#### Task description:
All lines from the one containing "Shawarma, taboula, onion, coleslaw, thoumia, hummus, samurai" down to the one containing "- Elegant Design", both ends included, are to be given again exactly; omit the rest of the listing below.

┄┄┄┄┄┄

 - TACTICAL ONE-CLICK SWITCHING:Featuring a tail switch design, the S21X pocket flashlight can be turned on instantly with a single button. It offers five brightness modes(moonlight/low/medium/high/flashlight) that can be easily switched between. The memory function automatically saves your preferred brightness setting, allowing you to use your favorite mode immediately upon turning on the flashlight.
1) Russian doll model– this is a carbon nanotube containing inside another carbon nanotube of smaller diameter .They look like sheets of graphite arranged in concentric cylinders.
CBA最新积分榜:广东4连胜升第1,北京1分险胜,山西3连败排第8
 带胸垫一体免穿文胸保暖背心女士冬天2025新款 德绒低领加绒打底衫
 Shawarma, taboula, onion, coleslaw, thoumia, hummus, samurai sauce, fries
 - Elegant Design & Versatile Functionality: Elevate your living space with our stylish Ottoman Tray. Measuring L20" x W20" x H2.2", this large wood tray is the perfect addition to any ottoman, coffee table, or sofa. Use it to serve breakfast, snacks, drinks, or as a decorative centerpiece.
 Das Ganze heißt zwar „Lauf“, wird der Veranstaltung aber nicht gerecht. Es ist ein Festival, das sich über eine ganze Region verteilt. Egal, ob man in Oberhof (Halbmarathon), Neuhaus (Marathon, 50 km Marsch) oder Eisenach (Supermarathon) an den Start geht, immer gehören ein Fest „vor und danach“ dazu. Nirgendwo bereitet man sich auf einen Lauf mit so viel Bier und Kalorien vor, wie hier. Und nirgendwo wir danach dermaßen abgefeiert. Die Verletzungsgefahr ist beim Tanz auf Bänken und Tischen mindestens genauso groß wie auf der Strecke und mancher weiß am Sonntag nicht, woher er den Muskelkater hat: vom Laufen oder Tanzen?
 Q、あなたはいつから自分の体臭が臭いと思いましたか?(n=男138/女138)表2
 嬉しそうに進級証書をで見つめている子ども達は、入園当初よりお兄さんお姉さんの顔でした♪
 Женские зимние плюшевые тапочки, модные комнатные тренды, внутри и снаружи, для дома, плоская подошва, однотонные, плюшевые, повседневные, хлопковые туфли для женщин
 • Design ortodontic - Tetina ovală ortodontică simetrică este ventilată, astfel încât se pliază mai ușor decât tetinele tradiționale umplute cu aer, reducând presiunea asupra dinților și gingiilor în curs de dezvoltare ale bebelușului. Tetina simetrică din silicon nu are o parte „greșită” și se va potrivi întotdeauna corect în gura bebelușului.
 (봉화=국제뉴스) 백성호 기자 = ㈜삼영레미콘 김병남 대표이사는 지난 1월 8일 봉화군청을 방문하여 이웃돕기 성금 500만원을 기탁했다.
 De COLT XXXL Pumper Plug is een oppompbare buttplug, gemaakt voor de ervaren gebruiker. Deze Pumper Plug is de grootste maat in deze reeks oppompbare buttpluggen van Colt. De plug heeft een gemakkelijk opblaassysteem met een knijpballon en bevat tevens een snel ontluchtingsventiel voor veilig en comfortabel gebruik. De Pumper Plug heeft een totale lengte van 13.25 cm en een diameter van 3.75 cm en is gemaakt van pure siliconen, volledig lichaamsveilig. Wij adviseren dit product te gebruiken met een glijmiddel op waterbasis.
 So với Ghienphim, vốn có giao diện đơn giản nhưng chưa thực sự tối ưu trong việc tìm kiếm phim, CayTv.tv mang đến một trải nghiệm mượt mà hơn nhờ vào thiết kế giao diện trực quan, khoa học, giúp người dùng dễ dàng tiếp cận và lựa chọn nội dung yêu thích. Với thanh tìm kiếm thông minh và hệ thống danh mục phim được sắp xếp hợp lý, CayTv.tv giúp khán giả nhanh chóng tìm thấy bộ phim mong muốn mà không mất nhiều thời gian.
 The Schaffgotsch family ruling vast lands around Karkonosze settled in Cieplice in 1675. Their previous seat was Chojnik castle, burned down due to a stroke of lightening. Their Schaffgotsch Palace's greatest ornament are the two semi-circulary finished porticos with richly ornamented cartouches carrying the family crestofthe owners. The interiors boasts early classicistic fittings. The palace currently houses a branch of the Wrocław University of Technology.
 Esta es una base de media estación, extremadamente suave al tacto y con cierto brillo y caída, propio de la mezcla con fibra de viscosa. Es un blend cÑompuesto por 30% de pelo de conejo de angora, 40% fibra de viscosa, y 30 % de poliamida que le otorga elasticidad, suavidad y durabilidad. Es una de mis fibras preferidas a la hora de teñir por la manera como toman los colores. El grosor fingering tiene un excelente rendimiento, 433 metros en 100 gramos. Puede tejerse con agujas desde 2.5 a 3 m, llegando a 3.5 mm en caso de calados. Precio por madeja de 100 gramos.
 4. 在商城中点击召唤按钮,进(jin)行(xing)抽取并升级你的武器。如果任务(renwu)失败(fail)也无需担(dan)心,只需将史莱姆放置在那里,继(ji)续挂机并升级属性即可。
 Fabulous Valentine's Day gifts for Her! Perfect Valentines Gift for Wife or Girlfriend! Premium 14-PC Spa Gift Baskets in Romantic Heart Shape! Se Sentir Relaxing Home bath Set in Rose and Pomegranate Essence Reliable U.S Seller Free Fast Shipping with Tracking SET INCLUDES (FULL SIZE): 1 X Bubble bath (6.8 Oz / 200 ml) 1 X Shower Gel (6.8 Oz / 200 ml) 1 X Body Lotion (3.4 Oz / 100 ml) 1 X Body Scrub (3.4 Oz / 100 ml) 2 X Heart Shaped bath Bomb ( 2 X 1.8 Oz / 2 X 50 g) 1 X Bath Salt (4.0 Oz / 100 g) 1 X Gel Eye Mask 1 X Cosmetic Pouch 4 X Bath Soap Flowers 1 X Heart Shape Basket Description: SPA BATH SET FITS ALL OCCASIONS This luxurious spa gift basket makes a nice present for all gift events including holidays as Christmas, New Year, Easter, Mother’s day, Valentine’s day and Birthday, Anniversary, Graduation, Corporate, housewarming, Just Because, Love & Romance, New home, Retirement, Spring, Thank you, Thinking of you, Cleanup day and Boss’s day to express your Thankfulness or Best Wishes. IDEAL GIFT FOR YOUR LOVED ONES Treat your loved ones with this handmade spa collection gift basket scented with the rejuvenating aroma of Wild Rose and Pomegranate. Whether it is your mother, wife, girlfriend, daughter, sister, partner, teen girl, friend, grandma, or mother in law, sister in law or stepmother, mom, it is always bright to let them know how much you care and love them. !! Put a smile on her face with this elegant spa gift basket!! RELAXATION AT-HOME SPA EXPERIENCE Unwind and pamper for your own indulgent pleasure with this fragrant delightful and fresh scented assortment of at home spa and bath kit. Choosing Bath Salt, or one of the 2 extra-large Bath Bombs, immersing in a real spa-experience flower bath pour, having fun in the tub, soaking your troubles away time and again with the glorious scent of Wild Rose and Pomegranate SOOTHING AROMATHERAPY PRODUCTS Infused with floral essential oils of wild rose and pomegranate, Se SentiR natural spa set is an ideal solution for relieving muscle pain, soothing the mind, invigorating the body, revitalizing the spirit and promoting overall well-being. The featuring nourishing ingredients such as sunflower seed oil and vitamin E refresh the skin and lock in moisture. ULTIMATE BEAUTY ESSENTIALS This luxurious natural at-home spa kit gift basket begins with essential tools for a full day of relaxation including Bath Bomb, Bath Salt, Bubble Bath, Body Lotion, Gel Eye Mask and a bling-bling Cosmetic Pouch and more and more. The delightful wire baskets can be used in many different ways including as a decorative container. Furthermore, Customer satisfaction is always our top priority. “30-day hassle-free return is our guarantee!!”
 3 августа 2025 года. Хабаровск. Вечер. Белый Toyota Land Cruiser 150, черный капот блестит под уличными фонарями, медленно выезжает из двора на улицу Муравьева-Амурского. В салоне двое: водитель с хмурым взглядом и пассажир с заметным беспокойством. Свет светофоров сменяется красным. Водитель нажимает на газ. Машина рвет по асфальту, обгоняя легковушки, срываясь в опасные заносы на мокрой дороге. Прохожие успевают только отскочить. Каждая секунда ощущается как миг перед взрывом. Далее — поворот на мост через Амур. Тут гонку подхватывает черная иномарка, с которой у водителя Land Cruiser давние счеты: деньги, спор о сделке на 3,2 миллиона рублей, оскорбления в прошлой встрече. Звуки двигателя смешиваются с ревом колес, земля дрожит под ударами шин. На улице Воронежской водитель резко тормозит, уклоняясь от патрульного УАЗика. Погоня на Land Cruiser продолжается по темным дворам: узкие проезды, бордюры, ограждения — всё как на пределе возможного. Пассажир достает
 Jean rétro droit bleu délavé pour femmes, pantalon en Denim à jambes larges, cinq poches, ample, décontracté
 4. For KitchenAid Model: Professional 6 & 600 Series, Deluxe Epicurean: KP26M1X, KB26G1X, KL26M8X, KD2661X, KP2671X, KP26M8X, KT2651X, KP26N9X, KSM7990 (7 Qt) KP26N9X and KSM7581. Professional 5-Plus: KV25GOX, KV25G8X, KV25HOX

┄┄┄┄┄┄

#### Response to the task:
 Shawarma, taboula, onion, coleslaw, thoumia, hummus, samurai sauce, fries
 - Elegant Design & Versatile Functionality: Elevate your living space with our stylish Ottoman Tray. Measuring L20" x W20" x H2.2", this large wood tray is the perfect addition to any ottoman, coffee table, or sofa. Use it to serve breakfast, snacks, drinks, or as a decorative centerpiece.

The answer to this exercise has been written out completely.